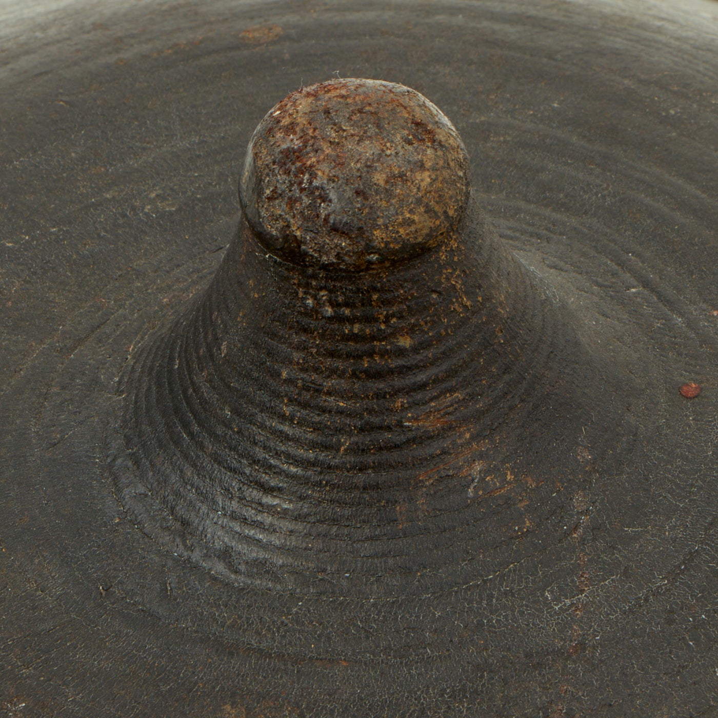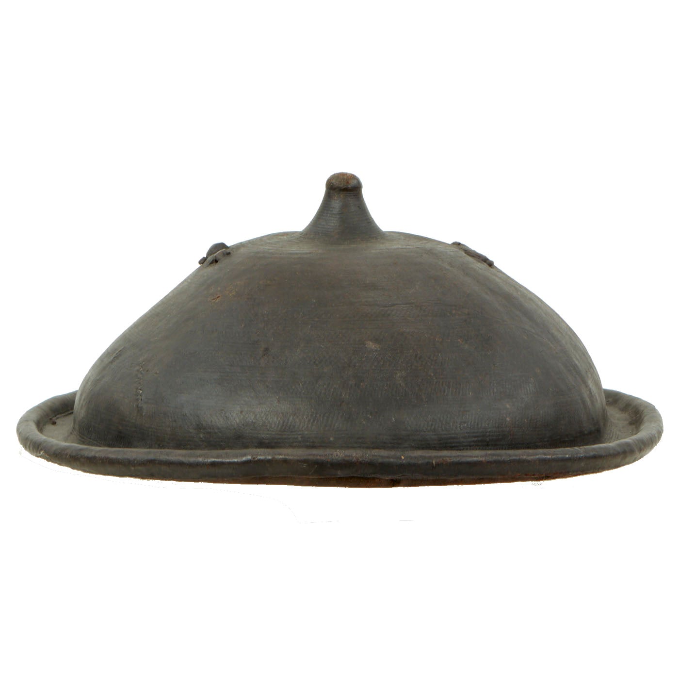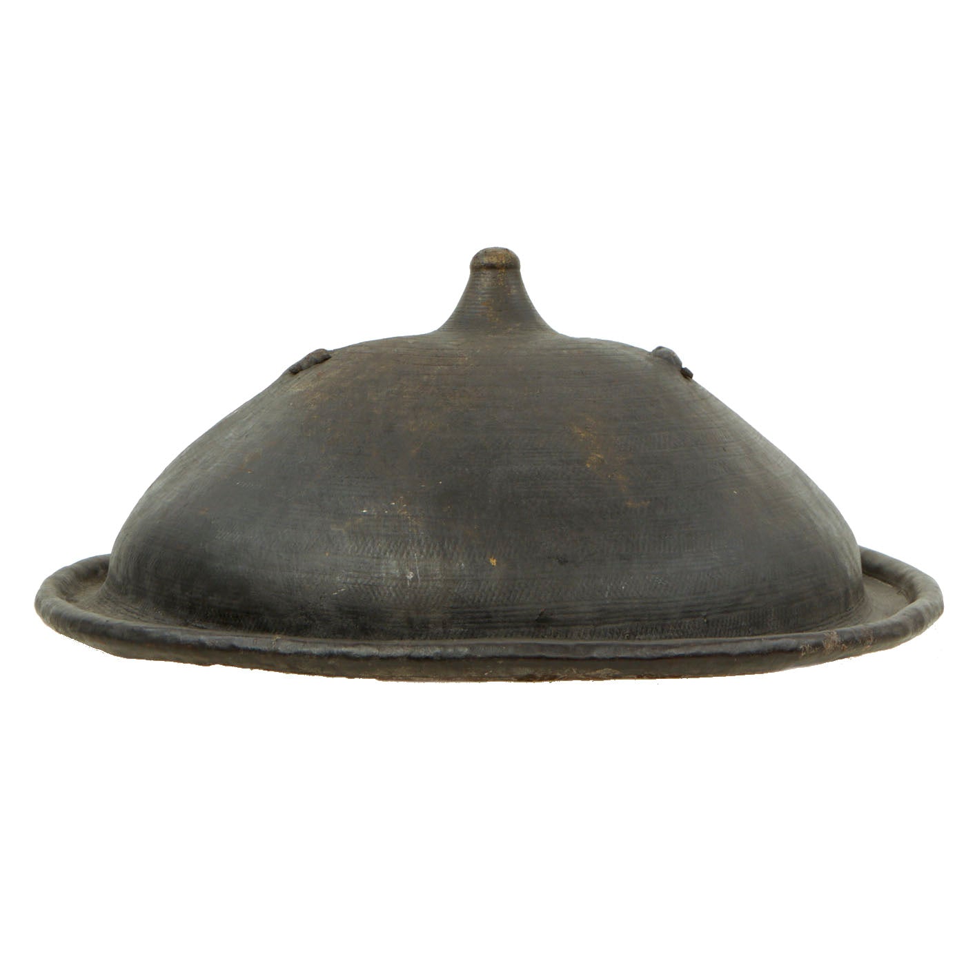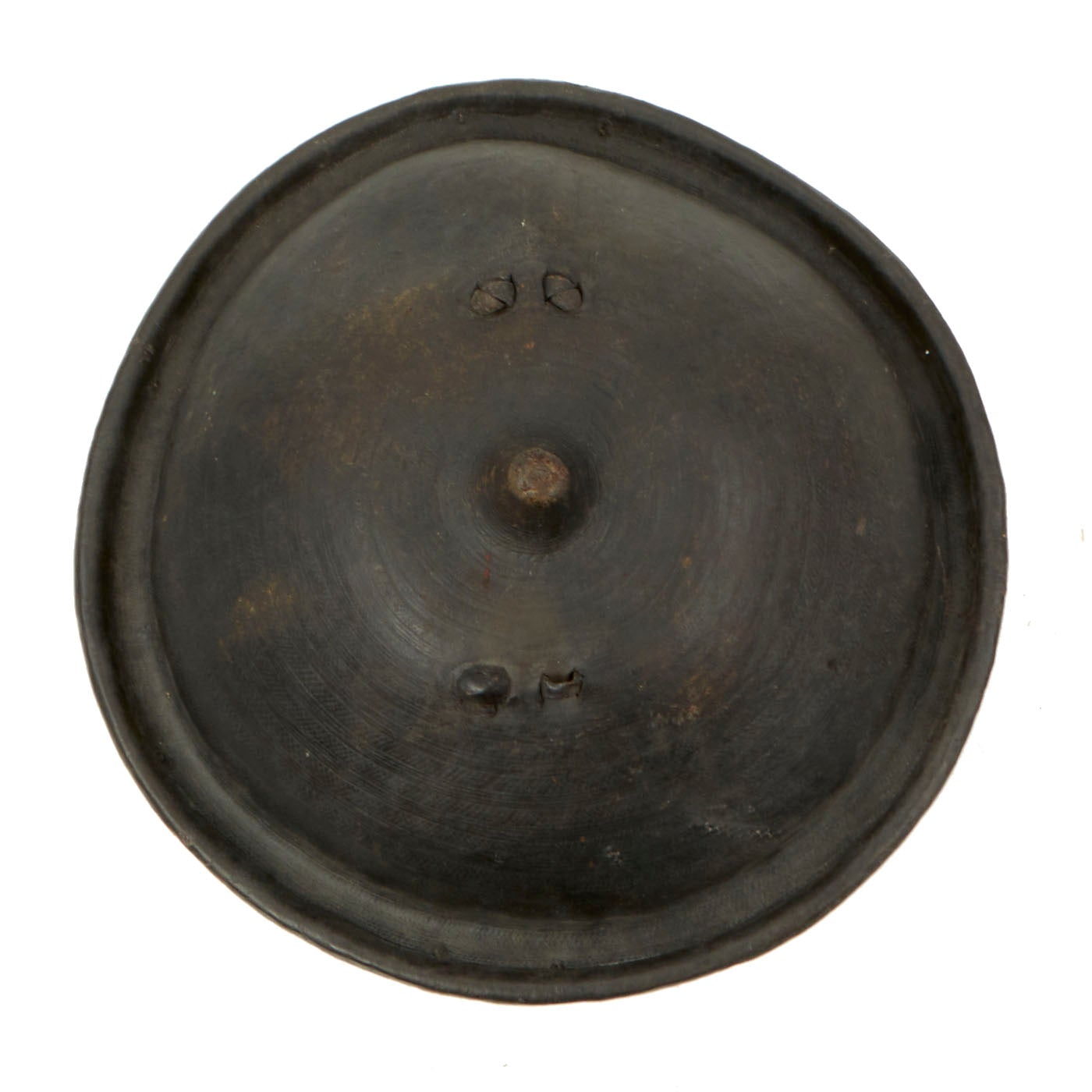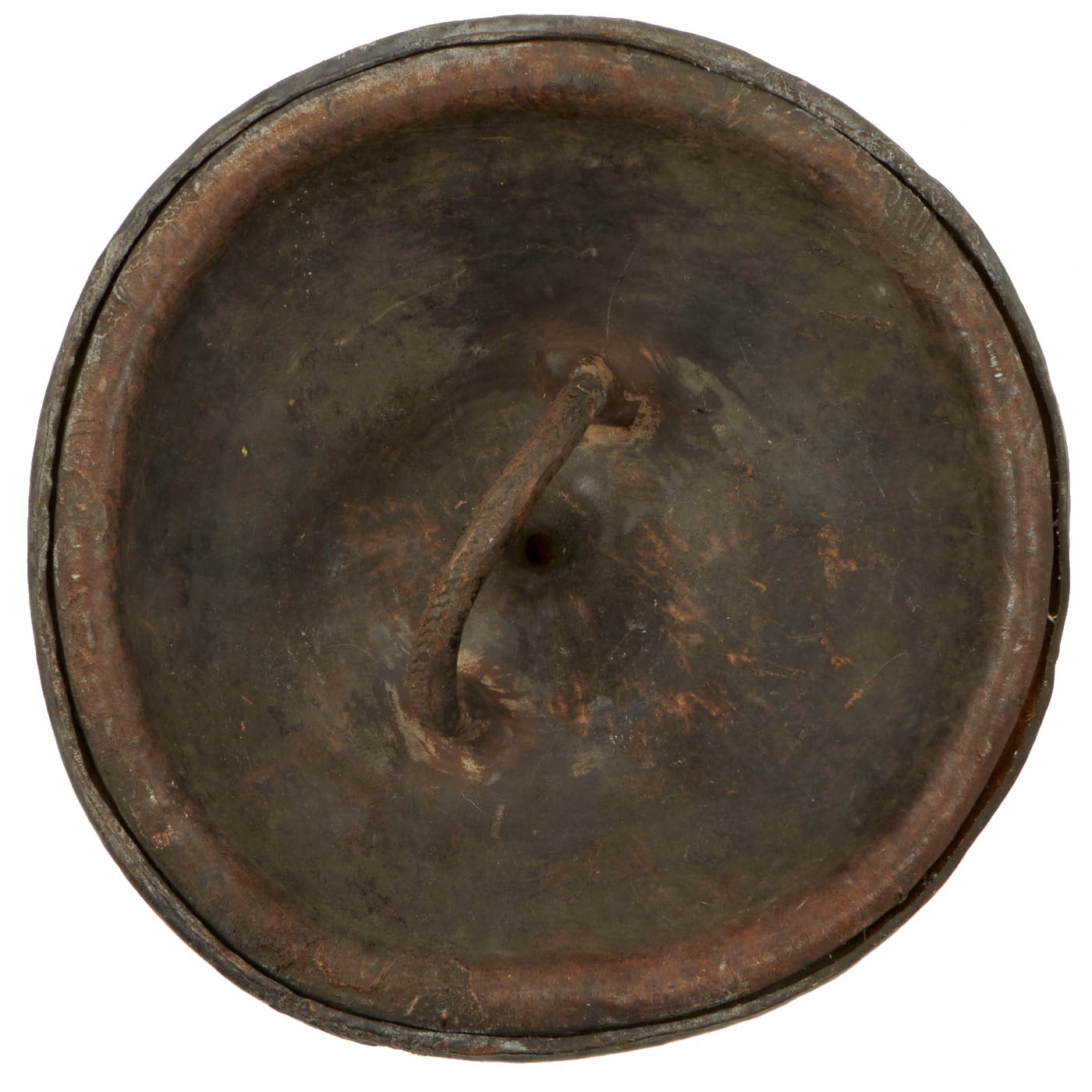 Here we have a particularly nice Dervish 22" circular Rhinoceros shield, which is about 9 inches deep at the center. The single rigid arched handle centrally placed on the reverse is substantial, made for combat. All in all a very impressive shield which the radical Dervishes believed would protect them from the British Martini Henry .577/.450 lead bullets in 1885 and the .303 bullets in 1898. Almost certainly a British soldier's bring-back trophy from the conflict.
▬▬▬
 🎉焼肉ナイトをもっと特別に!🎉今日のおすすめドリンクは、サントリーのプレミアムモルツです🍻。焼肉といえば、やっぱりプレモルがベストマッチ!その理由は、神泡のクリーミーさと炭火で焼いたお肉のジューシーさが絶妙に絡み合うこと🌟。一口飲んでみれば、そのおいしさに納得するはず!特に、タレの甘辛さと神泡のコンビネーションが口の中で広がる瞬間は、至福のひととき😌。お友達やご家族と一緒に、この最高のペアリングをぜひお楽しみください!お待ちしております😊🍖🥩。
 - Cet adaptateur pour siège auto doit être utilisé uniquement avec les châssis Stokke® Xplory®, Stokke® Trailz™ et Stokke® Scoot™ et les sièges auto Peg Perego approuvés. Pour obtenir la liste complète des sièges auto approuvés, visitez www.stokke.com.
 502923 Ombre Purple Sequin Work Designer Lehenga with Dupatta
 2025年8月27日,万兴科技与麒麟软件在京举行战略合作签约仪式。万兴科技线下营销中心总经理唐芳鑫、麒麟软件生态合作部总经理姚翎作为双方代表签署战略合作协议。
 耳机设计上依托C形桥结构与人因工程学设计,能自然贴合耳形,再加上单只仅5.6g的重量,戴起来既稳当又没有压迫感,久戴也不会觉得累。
▬▬▬
* _Task objective_
Give back exactly the lines of the listing above that run from the line with "- Cet adaptateur" to the line with "耳机设计上依托C形桥结构与人", inclusive.

* _Exercise response_
 - Cet adaptateur pour siège auto doit être utilisé uniquement avec les châssis Stokke® Xplory®, Stokke® Trailz™ et Stokke® Scoot™ et les sièges auto Peg Perego approuvés. Pour obtenir la liste complète des sièges auto approuvés, visitez www.stokke.com.
 502923 Ombre Purple Sequin Work Designer Lehenga with Dupatta
 2025年8月27日,万兴科技与麒麟软件在京举行战略合作签约仪式。万兴科技线下营销中心总经理唐芳鑫、麒麟软件生态合作部总经理姚翎作为双方代表签署战略合作协议。
 耳机设计上依托C形桥结构与人因工程学设计,能自然贴合耳形,再加上单只仅5.6g的重量,戴起来既稳当又没有压迫感,久戴也不会觉得累。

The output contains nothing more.